[Start of section]
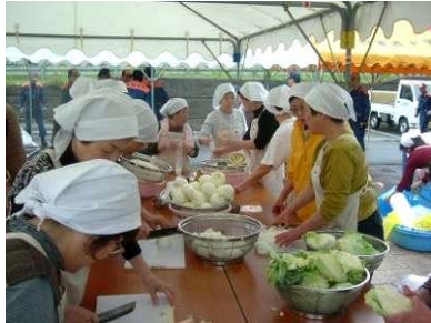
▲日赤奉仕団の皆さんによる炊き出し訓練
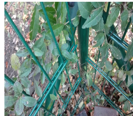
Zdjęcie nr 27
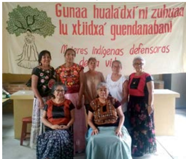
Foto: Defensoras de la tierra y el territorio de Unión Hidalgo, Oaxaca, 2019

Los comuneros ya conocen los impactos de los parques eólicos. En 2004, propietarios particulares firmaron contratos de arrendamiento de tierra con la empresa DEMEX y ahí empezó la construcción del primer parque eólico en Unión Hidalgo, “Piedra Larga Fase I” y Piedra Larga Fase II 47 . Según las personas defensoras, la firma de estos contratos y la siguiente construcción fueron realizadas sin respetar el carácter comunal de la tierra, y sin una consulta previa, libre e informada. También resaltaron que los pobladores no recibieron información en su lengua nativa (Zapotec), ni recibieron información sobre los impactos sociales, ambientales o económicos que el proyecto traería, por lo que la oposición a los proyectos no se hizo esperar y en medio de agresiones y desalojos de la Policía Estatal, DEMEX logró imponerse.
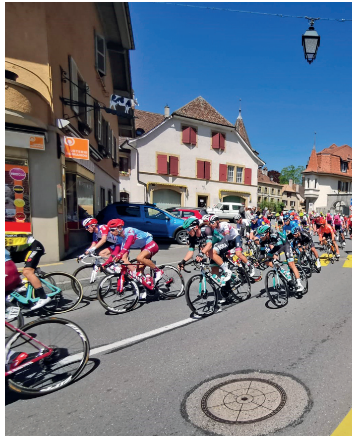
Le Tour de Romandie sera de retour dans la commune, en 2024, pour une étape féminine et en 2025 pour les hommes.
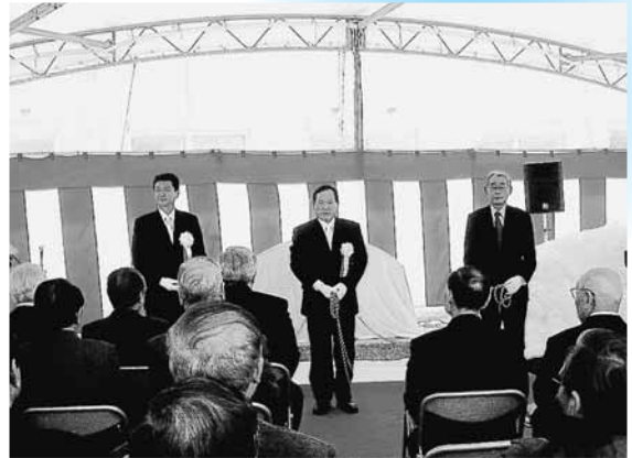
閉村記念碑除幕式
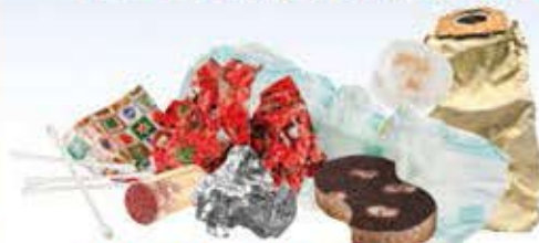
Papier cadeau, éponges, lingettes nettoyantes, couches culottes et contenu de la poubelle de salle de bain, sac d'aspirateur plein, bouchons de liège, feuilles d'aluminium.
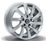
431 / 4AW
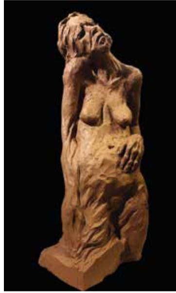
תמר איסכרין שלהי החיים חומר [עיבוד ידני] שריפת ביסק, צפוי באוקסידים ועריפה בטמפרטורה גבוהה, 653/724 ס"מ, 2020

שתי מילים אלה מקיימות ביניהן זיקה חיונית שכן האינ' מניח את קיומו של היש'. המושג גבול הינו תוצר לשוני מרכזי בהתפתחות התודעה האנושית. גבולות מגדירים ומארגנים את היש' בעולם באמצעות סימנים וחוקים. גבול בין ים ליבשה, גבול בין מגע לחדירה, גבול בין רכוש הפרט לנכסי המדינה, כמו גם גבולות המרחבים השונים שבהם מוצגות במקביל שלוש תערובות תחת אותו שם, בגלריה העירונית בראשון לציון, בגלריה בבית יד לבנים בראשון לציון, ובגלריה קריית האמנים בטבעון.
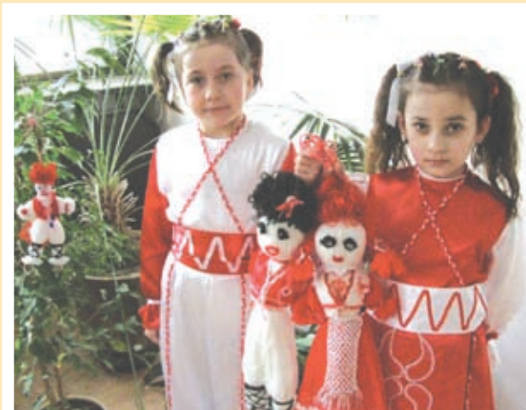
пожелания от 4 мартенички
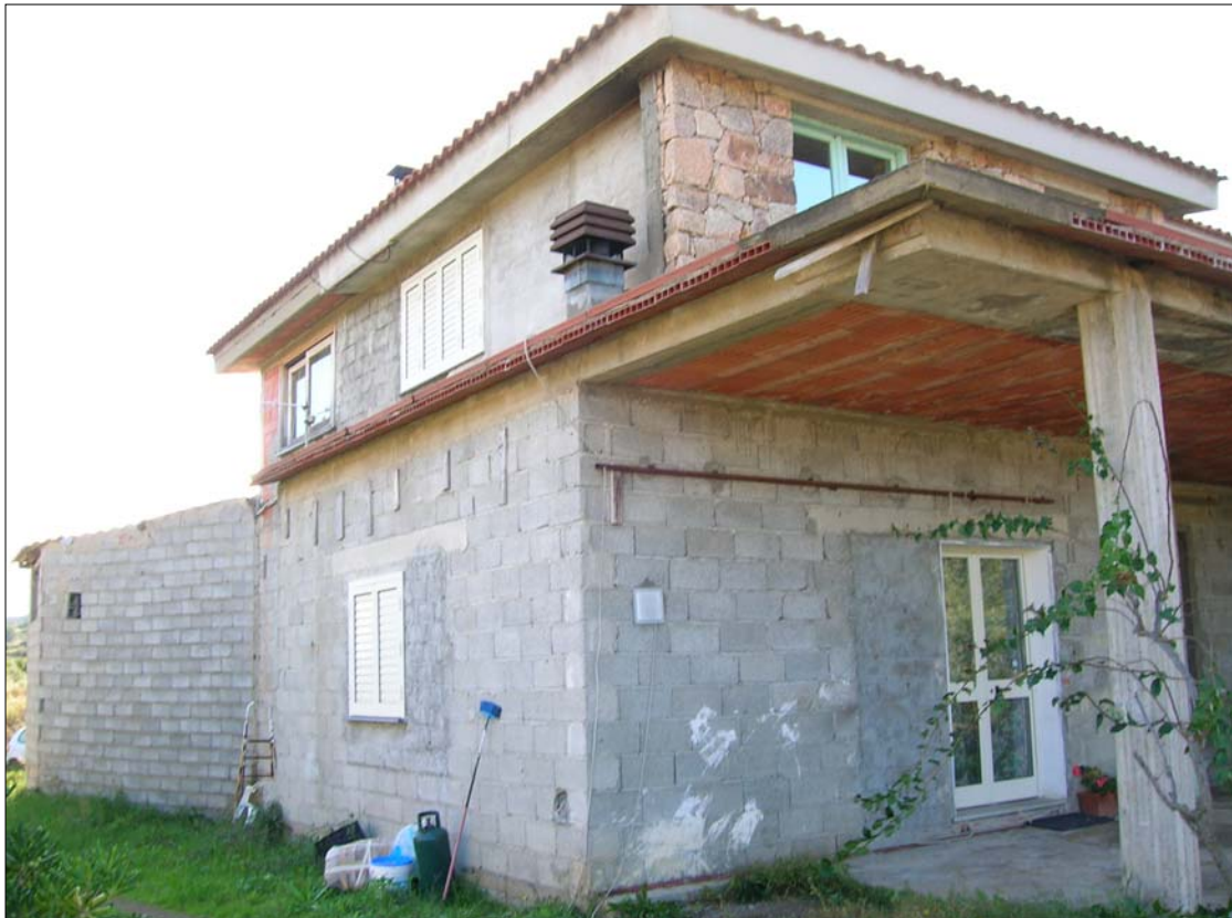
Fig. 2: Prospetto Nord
[End of section]
[Start of section]
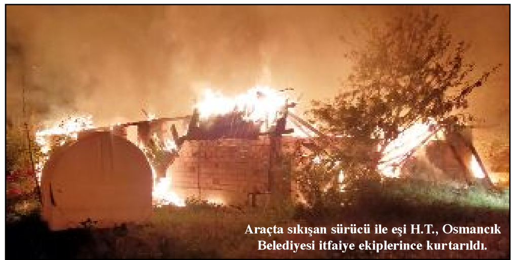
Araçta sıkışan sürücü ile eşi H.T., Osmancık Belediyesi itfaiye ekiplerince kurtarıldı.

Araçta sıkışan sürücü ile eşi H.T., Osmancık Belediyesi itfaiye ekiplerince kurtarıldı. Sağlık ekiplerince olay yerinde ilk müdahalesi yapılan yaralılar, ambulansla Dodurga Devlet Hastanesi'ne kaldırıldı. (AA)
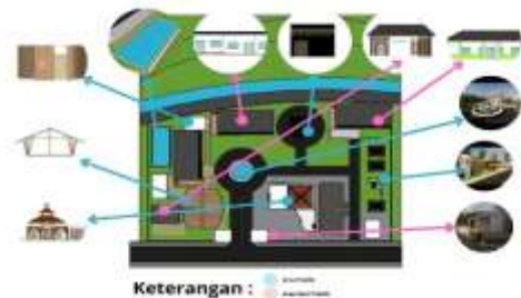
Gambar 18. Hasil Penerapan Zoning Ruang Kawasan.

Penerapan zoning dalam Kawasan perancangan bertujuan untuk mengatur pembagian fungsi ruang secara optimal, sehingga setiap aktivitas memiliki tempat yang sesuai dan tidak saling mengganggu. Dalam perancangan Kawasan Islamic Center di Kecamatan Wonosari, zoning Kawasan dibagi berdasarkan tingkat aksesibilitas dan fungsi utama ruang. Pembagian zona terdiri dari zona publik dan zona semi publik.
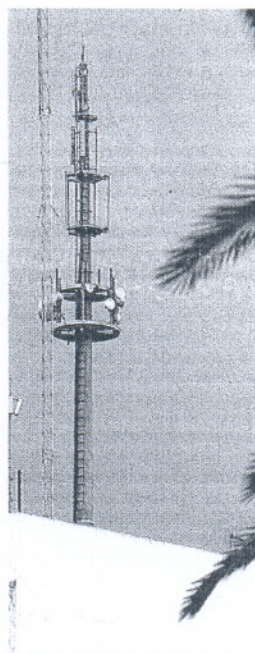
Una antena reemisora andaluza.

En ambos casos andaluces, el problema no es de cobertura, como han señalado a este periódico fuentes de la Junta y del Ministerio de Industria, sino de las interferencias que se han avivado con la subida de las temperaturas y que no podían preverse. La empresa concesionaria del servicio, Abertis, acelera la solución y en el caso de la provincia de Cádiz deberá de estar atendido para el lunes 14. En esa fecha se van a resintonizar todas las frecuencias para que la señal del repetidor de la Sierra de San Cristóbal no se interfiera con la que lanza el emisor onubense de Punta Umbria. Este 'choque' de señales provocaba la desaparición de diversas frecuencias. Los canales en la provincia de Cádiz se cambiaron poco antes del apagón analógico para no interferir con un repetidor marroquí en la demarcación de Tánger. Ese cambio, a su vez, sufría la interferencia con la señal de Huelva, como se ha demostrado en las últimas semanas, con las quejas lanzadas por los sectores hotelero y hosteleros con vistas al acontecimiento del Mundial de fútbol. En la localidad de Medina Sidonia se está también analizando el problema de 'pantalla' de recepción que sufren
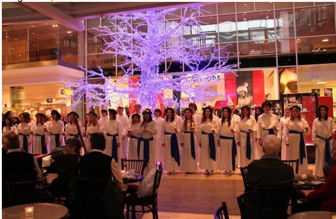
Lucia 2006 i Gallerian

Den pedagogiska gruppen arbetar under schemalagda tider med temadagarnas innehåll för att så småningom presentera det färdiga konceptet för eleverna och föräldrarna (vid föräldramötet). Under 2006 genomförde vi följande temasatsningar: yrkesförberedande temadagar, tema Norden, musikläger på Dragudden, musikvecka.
[End of section]
AIM OF THE TASK:
Beginning with the line above that contains "שתי מילים אלה" and ending with the line that contains "Fig. 2: Prospetto Nord", quote each line exactly, keeping out the pictures.

FINISHED EXERCISE:
שתי מילים אלה מקיימות ביניהן זיקה חיונית שכן האינ' מניח את קיומו של היש'. המושג גבול הינו תוצר לשוני מרכזי בהתפתחות התודעה האנושית. גבולות מגדירים ומארגנים את היש' בעולם באמצעות סימנים וחוקים. גבול בין ים ליבשה, גבול בין מגע לחדירה, גבול בין רכוש הפרט לנכסי המדינה, כמו גם גבולות המרחבים השונים שבהם מוצגות במקביל שלוש תערובות תחת אותו שם, בגלריה העירונית בראשון לציון, בגלריה בבית יד לבנים בראשון לציון, ובגלריה קריית האמנים בטבעון.
пожелания от 4 мартенички
Fig. 2: Prospetto Nord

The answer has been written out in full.